Юлия фон К. (фактические данные искажены из этических соображений) родилась в 1928 г. в белорусском городе В. Ее отец — немец, из баронской семьи остзейских дворян, служивших в прошлом веке при дворе. Ее мать — полька, предположительно, с точки зрения Юлии, тоже из дворян. Родители развелись, затем мать Юлии снова выходит замуж — за русского, который удочеряет Юлию. Сама Юлия окончила железнодорожное училище, потом медицинское училище, затем текстильный институт и работала до пенсии модельером- закройщицей. В железнодорожном училище она знакомится с кадровиком — отставным военным, коммунистом, русским — и выходит за него замуж. У нее один сын от этого брака. После смерти мужа, уже на пенсии, она знакомится с директором военного музея — отставным полковником, русским — и выходит во второй раз замуж. Проживала на момент интервью в Латвии — в Риге.

Гипертекст «я — баронесса».

Свой рассказ Юлия фон К. начинает, ведет и заканчивает от имени «женщины из благородной немецкой семьи с баронским прошлым». Этот образ создает основной текст, который сохраняет за собой лидирующий смысл.

«Первые воспоминания связаны... с праздниками... это елочка и день рождения. Всегда просыпалась и в кроватке находила подарки. Потом это все исчезло. Где-то в 37-м году ... мама разошлась с моим отцом, потому что начались репрессии. Мой отец по национальности немец, из столбовых дворян... И, значит, чтобы меня спасти... мама разошлась и вышла замуж за хорошего русского человека, который впоследствии удочерил меня...»

Семейная хроника событий (развод, удочерение) переплетается с социально-историческим фоном и объяснительными конструкциями, оправдывающими семейную несчастливую событийность (потому что репрессии, чтобы меня спасти).

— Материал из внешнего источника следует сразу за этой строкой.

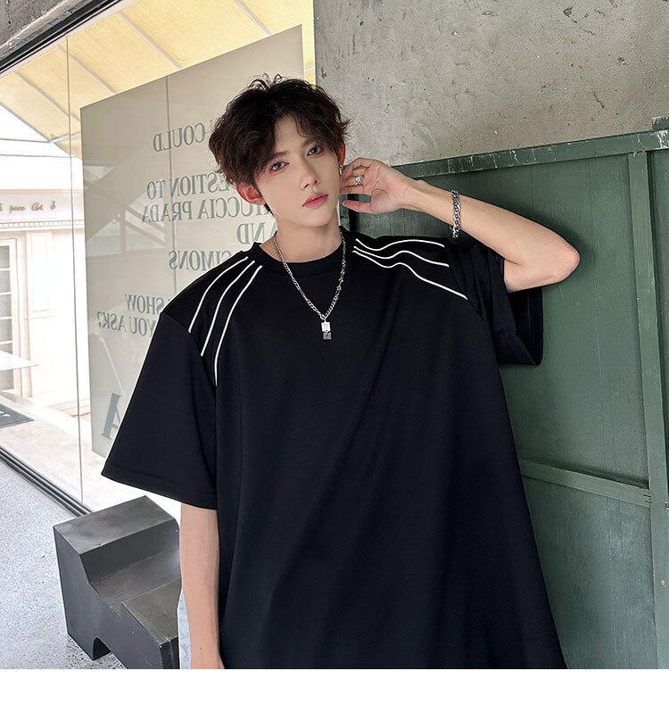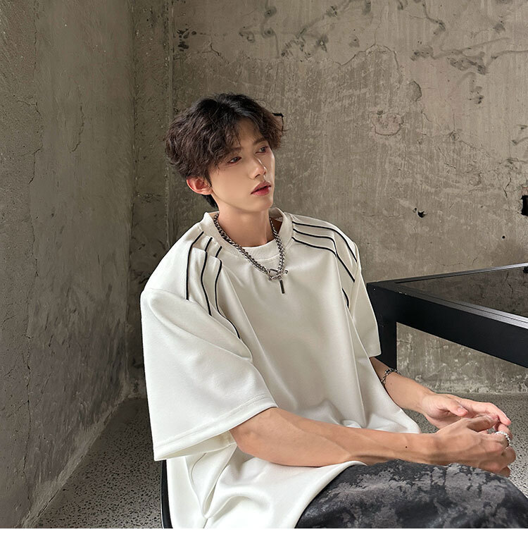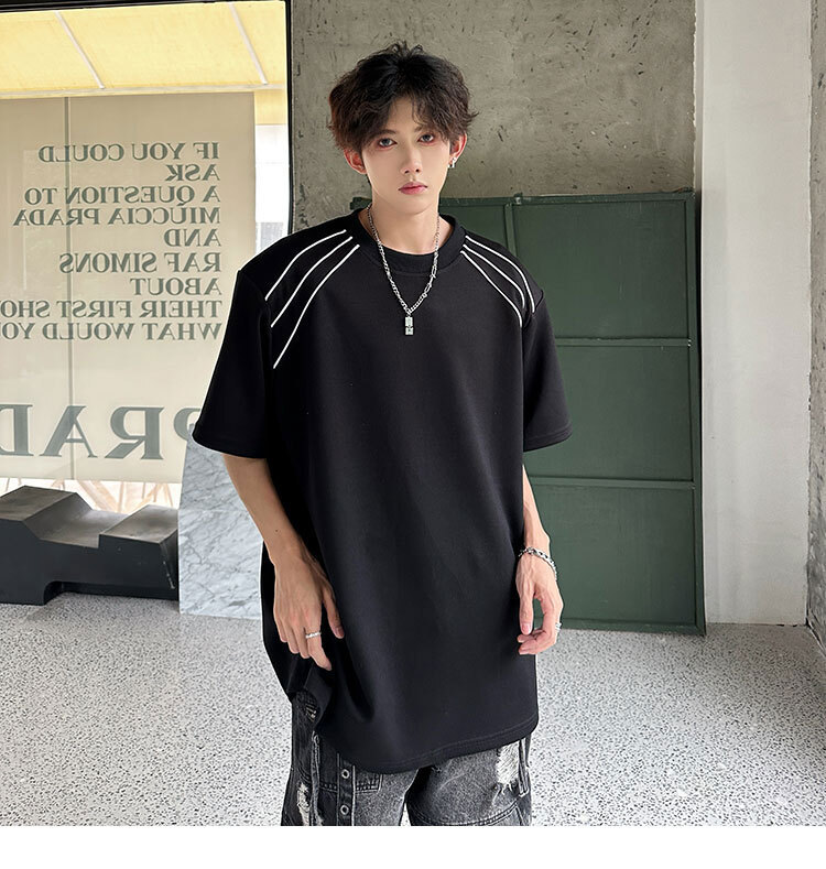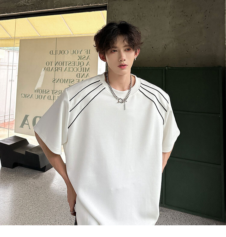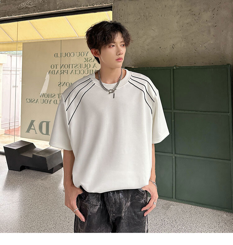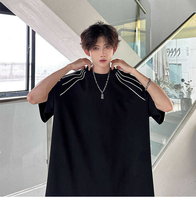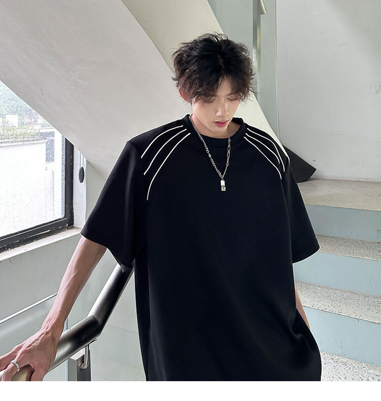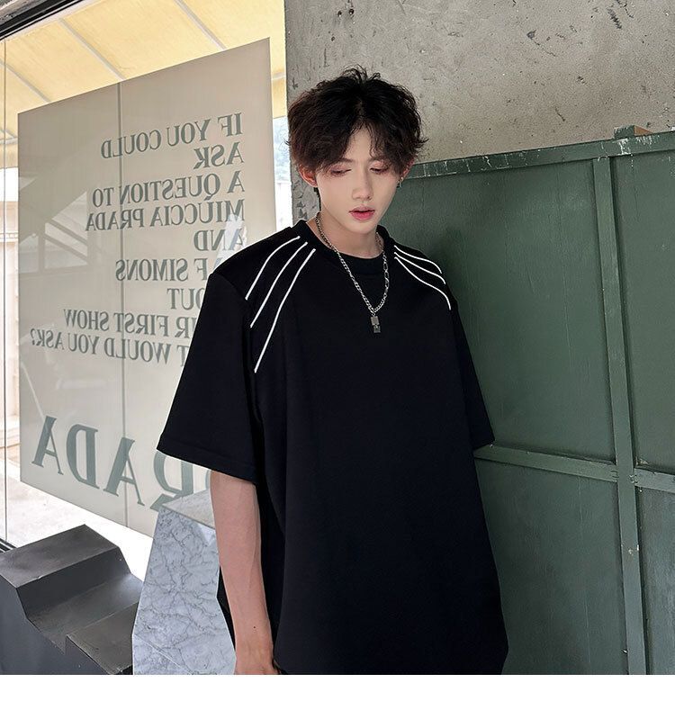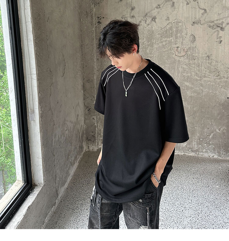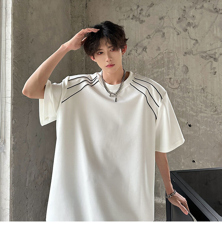 아메리칸 스타일 패션 브랜드 어깨 패드 반팔 티셔츠 남성용 여름 틈새 디자인 센스 반소매 느슨한 캐주얼 라운드 넥 탑

«...Отец был высокий, стройный, очень интеллигентный человек, хотя очень любил рабочий класс... Но когда был зол, топал ногами, кричал: “Ничтожества, безграмотные, свиньи, хамы ”. Я, ребенок, понимала, что отец даже внешне и внутренне отличался от рабочих и мышлением, и в разговоре. “Я вообще глубоко несчастный человек, потому что я родился не в свой век и не в той семье” — он всегда говорил так. Он никогда не преследовал цель наживы, все, что имел, он отдал на эту... революцию. И во время революции он, юрист по образованию, ушел в депо учеником слесаря, потом водил бронепоезда. Даже от наркома именные часы были за предотвращение крушения... Эти часы золотые мама сдала на хлеб, когда был голод, в торгсин...»

«...Когда я маленькая была, очень любила рассматривать старинные фотографии... почти все они сделаны в Риге. И, глядя на них, представляла, как в этих нарядах ходят мои предки, бабушки, дедушки... Никого из родни не видела, кроме сестер отца. Всегда говорил отец, что нужно быть честным, порядочным во всех отношениях, потому что мы из старинного дворянского рода... Тетя, та, вообще, меня долго не признавала, потому что меня удочерил русский человек... Она жила в Риге... и все не могла смириться, как это я сменила такую фамилию».

Сквозь описательную текстуальность здесь неакцентированно проглядывает целая драма молодой семьи, не принятой кланом (обстоятельства ли социального мезальянса или вынужденность брака из-за беременности, нам неизвестно). Но контекст раннедетской социализации Юлии протекает вне «большой баронской семьи» как культурного пространства легитимной наследницы. Соответственно отсутствие комментария, оценок самой Юлии по этому поводу, непроясненность происхождения и позиции матери составляют большую фигуру умолчания.

Дальнейшая событийная канва: с начатом войны немцы быстро занимают город В., отец Юлии уходит из брошенной охраной тюремной больницы НКВД, забирает младшего брата Юлии, умершего впоследствии, и перебирается с ним в Ригу к своим родственникам. Помогает ему его дядя К., депутат латвийского сейма, министр строительства и дорог.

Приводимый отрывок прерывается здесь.